Sector News

Japan's Astellas sells U.S. plant to CMO Avara

August 5, 2016
Life sciences

Japan’s Astellas has sold its U.S.-based manufacturing operation, Astellas Pharma Technologies, to a U.S. contract manufacturer, which will take on the Astellas workers and continue to produce some drugs for the Japanese company.

Astellas said today that it had sold the plant in Norman, OK, to Norfolk, CT-based Avara Pharmaceutical Services. The two companies kept terms of the deal under wraps, although Astellas said it will take a ¥9.0 billion ($89 million) charge in its quarter ended Sept. 30 for the loss of plant and equipment.

Avara will hire the 200 employees that work at the 312,153-square-foot facility.

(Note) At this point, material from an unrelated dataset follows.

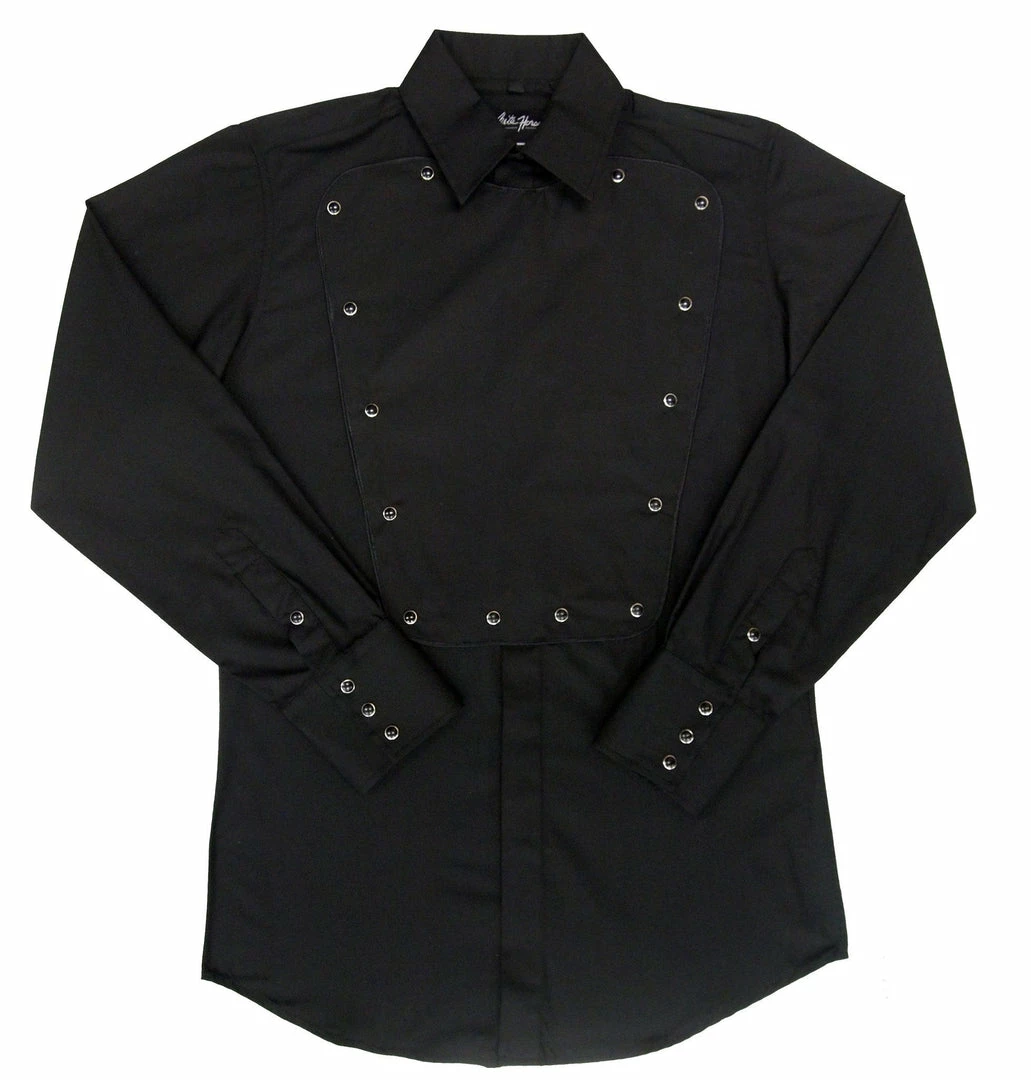 This long sleeve classic Old West style bib shirt features pearl snaps. Other features include: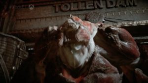 Kate and a couple of other Gears heroes had to fight off some Swarm enemies. You can take them out with “yank and shank” move, pulling an enemy over a ledge and then cutting its throat. The battle takes place in a giant wind storm, with sand blowing sideways, as the Gears fight.

The company will “continue to manufacture certain Astellas pharmaceutical products on a contract basis,” it said in a release today.

“We have confidence that Avara is the right company to oversee the continuing supply of the Astellas products that are made at the facility, as well as the fulfillment of capacity use at and capabilities of the facility,” Mitsunori Matsuda, president of Technology at Astellas, said in a statement.

An Astellas spokeswoman said only Astellas products are manufactured at the plant. She declined to say of Astellas has any or U.S. manufacturing facilities, saying that information was “proprietary.”

The sale comes as the Tokyo-based drugmaker has made some other restructuring moves. Last year, it sold its dermatology business to Danish specialty product firm LEO in a $727 million deal, then turned around and invested $379 million for U.S.-based regenerative ophthalmology biotech Ocata Therapeutics.

The company last week reported that its Q1 profits had been improved by the sale to LEO, as well as by growing sales of cancer drug Xtandi. Astellas has been under fire in the U.S. over the price of Xtandi. Some patient advocacy groups even asked the National Institutes of Health (NIH) to override the patents on the drug to bring down its price. They pointed to the fact that the drug runs about $129,000 per treatment course in the U.S., compared with $39,000 in Japan. The NIH denied the request.